Saskatchewan Education Minister Dustin Duncan said the province is taking steps to ensure students continue to have access to in-class learning.
“We know that in-class learning is critically important to students’ overall mental and physical health and development,” Duncan said.
“That is why the government of Saskatchewan is supporting all students and staff in finding ways to reduce risk while we learn to live with COVID in our everyday lives.”
Duncan said there will be disruptions to classrooms as COVID-19 cases increase and Omicron becomes the dominant variant.
He said the province continues to support schools and school divisions with a layered approach to ensure the safety of staff and students.
“(This) includes continued masking, access to rapid tests, increased sanitation, cohorting, and encouraging all students and staff who are sick to stay home,” Duncan said.
The Opposition NDP said it was expecting the government to outline a back-to-school plan at Wednesday’s briefing.
Education critic Carla Beck said instead the Saskatchewan Party government continued a pattern of “too little, too late.”
The education minister had no plan for staffing, promised no additional PPE, ventilation upgrades, funding or new measures that can be found in every other province,” she said in a statement.
“This approach will not keep kids and school staff safe.”
Duncan acknowledged during his briefing that some disruptions are possible as in-class learning continues.
”Like we’ve seen in the previous waves of COVID 19, we likely will see disruption in individual classrooms and perhaps in schools that will cause some move to remote learning,” Duncan said.
“But to say that 188,000 students across the province all need to start at home, this week, that just wasn’t something that we felt was necessary at this time.”
Beck said no one disagrees that students are best served when they are in the classroom.
But, she said a wait-and-see strategy will not ensure student safety.
“If you know a hurricane is coming, you don’t wait for the storm to hit to board up your windows,” she said.
“The longer you wait and sit on your hands, the fewer options you leave for school divisions and parents, eventually forcing classes online when you no longer have the staffing capacity in schools.”
Patrick Maze, head of the Saskatchewan Teachers’ Federation, said the situation is only going to worsen.
He said while in-class learning is vital and important, a two-day pause in resuming classes would have helped to protect student’s health.
Maze is now calling on the government to provide N95 masks to all staff and students in schools and to mandate masks and proof of vaccination for all activities.
“Dr. Shahab indicated it is important we attempt to slow the surge,” he said.
“While it is unfortunate that we lost that opportunity to implement these measures before students returned, doing so now would still help ensure in-person learning continues.”
Maze also called for the province to update the definition of fully vaccinated to include booster shots and for all students turning five this year to be eligible for the vaccine.
He also said the Education Sector Response Planning Team should be immediately reinstated.

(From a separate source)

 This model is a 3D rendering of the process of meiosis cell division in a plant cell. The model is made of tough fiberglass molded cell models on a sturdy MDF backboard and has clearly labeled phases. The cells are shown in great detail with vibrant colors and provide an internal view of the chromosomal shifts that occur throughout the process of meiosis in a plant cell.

“We need to take action here in Saskatchewan now, before our situation becomes dire,” Maze said.
“Teachers, principals, vice-principals, other school staff and boards are doing an incredible job of weathering this ongoing storm, but our government seems to have learned nothing from the failures that made the recent wave of the Delta variant so challenging.”
The province said school staff continue to have access to medical-grade disposable surgical masks and more than 1.6 million rapid antigen tests have been distributed to families through elementary schools.

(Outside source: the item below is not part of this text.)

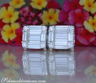 The corners of the diamond square are dominated by four brilliant cut diamonds. On top and on the bottom of the square – inbetween the brilliant cut diamonds - two smaller baguette diamonds each are set seamlessly next to each other as well. When seen from a distance, one might think it wasn’t two baguette diamonds each but rather one big, single baguette diamond.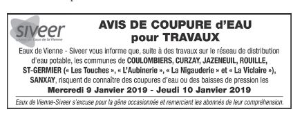 Eaux de Vienne – Siver informe que suite à des travaux sur le réseau de distribution d’eau potable, les communes de Coulombiers, Curzay, Jazeneuil et certains hameaux de Saint-Germier risquent de connaître des coupures d’eau ou des baisses de pression aujourd’hui et demain, jeudi 10 Janvier 2019.

Rapid tests will now be available in high schools.
Duncan said any staff or student who tests positive must report it to their local school office and self-isolate based on their vaccination status.
He said schools are updating their process for contacting close contacts based on the new modification.
Close contacts who are fully vaccinated will follow the current self-monitoring practice and will be able to attend school and take part in activities if they remain asymptomatic.
Students who are close contacts to cases in non-household settings and not fully vaccinated can continue to attend school, take the bus and attend child care as long as they are asymptomatic.
They are not permitted to attend extra-curricular activities for the 10 day self-monitoring period.
If the transmission occurred in the household setting, all unvaccinated students are required to isolate for 10 days, including not attending school or child care.